→ **What is being asked**:
What you copy should be the lines from the one with "Farmers shoulder packs" through the end of the entries, word for word. Omit the pictures.

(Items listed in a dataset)

▶

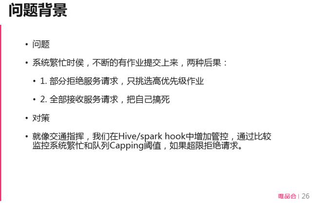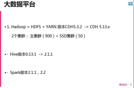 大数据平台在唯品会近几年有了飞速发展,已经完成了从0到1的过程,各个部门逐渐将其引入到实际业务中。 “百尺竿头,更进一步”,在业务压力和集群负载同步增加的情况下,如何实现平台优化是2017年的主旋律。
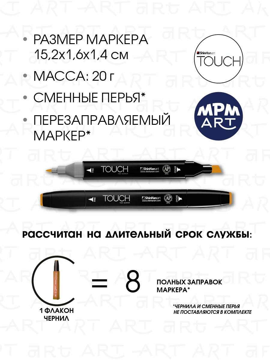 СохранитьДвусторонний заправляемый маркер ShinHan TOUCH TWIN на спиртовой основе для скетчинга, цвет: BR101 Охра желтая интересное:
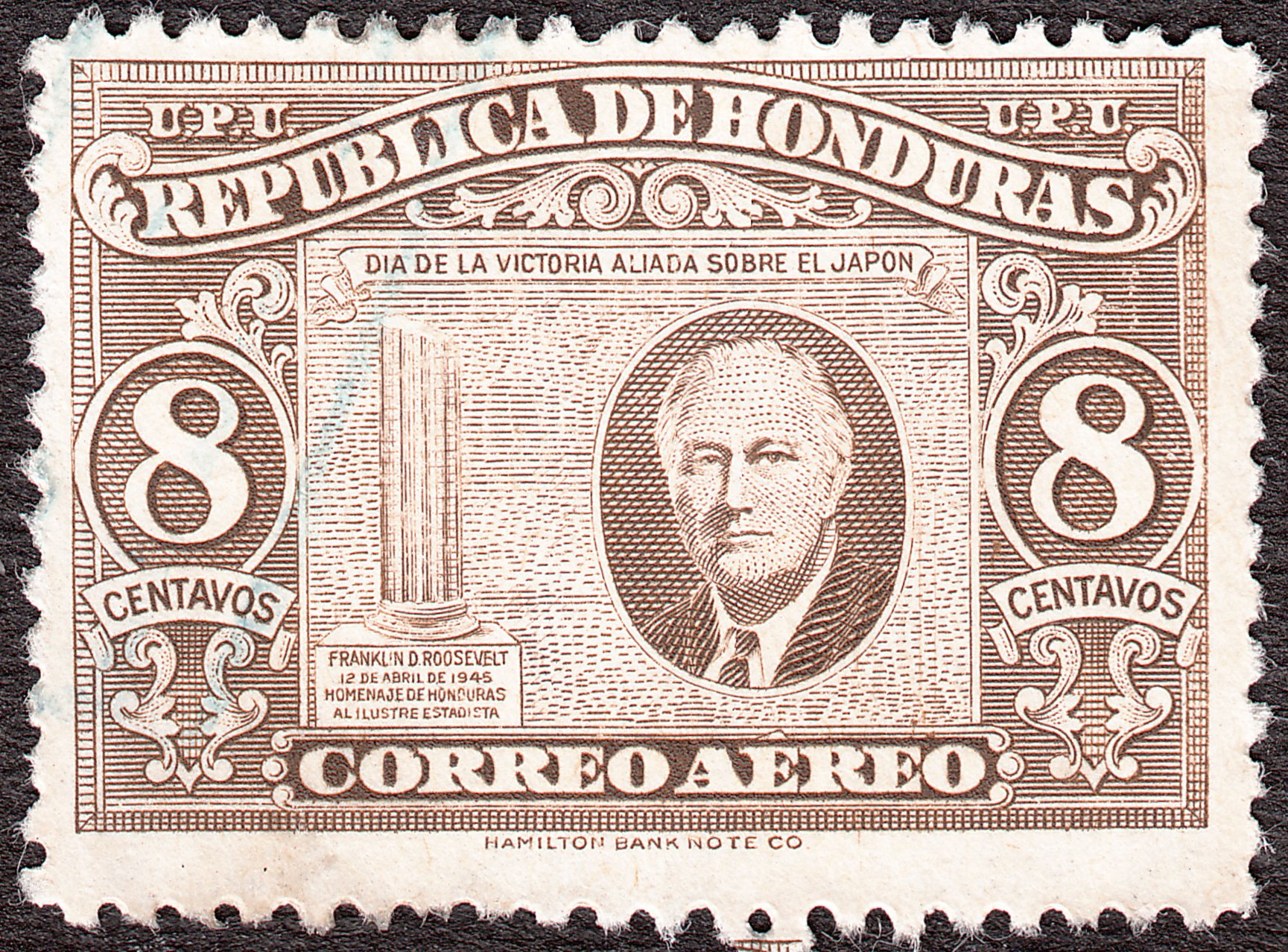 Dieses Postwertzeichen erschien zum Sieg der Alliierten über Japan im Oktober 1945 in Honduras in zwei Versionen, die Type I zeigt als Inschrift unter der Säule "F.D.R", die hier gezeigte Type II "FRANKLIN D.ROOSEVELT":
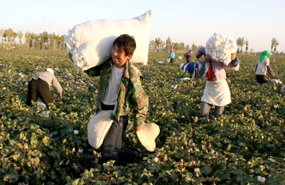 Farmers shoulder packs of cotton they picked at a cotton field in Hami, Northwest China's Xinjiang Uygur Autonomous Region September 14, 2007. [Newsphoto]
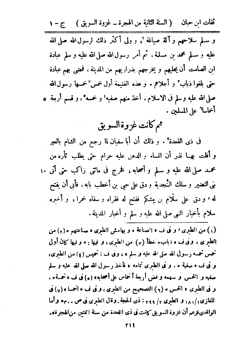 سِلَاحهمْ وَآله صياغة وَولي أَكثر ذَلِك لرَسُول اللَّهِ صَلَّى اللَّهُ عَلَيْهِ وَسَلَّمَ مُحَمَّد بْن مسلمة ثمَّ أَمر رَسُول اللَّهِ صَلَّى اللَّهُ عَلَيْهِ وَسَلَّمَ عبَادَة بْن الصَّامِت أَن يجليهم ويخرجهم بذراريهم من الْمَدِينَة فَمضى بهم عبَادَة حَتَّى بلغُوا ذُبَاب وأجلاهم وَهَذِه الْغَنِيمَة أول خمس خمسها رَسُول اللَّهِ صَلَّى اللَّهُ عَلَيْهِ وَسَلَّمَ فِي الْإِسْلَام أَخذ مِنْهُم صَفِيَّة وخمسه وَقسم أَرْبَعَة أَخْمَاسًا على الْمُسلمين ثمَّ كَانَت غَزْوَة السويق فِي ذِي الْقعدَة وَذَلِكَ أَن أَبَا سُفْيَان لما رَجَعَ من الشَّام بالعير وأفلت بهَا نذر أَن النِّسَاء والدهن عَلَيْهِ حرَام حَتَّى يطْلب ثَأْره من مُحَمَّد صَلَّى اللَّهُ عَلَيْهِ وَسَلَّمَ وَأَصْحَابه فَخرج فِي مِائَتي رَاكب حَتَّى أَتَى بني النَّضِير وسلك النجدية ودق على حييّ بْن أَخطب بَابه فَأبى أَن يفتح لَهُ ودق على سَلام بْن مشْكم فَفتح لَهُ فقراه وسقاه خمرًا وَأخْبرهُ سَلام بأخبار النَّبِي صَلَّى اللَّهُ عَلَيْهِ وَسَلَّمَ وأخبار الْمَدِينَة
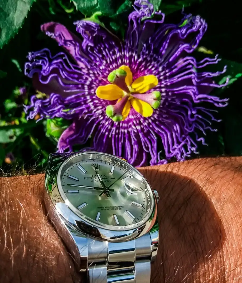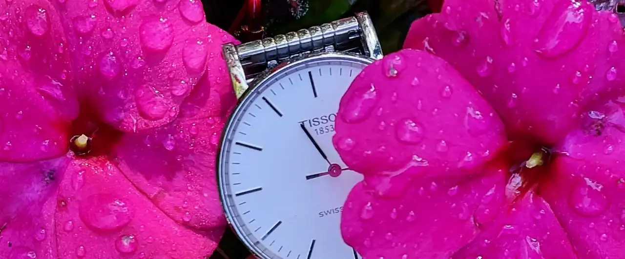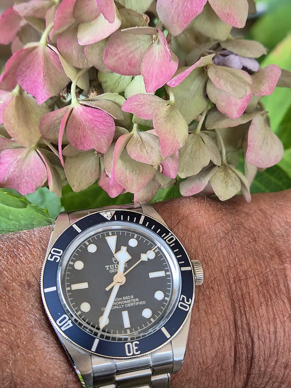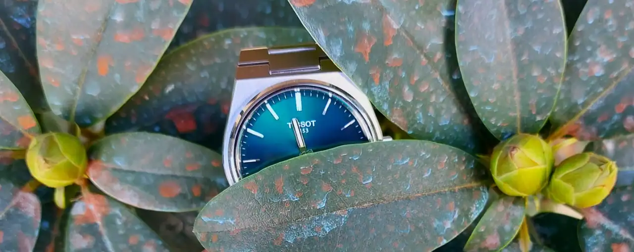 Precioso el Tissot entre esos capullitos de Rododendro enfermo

◀

→ **Output**:
 Farmers shoulder packs of cotton they picked at a cotton field in Hami, Northwest China's Xinjiang Uygur Autonomous Region September 14, 2007. [Newsphoto]
 سِلَاحهمْ وَآله صياغة وَولي أَكثر ذَلِك لرَسُول اللَّهِ صَلَّى اللَّهُ عَلَيْهِ وَسَلَّمَ مُحَمَّد بْن مسلمة ثمَّ أَمر رَسُول اللَّهِ صَلَّى اللَّهُ عَلَيْهِ وَسَلَّمَ عبَادَة بْن الصَّامِت أَن يجليهم ويخرجهم بذراريهم من الْمَدِينَة فَمضى بهم عبَادَة حَتَّى بلغُوا ذُبَاب وأجلاهم وَهَذِه الْغَنِيمَة أول خمس خمسها رَسُول اللَّهِ صَلَّى اللَّهُ عَلَيْهِ وَسَلَّمَ فِي الْإِسْلَام أَخذ مِنْهُم صَفِيَّة وخمسه وَقسم أَرْبَعَة أَخْمَاسًا على الْمُسلمين ثمَّ كَانَت غَزْوَة السويق فِي ذِي الْقعدَة وَذَلِكَ أَن أَبَا سُفْيَان لما رَجَعَ من الشَّام بالعير وأفلت بهَا نذر أَن النِّسَاء والدهن عَلَيْهِ حرَام حَتَّى يطْلب ثَأْره من مُحَمَّد صَلَّى اللَّهُ عَلَيْهِ وَسَلَّمَ وَأَصْحَابه فَخرج فِي مِائَتي رَاكب حَتَّى أَتَى بني النَّضِير وسلك النجدية ودق على حييّ بْن أَخطب بَابه فَأبى أَن يفتح لَهُ ودق على سَلام بْن مشْكم فَفتح لَهُ فقراه وسقاه خمرًا وَأخْبرهُ سَلام بأخبار النَّبِي صَلَّى اللَّهُ عَلَيْهِ وَسَلَّمَ وأخبار الْمَدِينَة
 Precioso el Tissot entre esos capullitos de Rododendro enfermo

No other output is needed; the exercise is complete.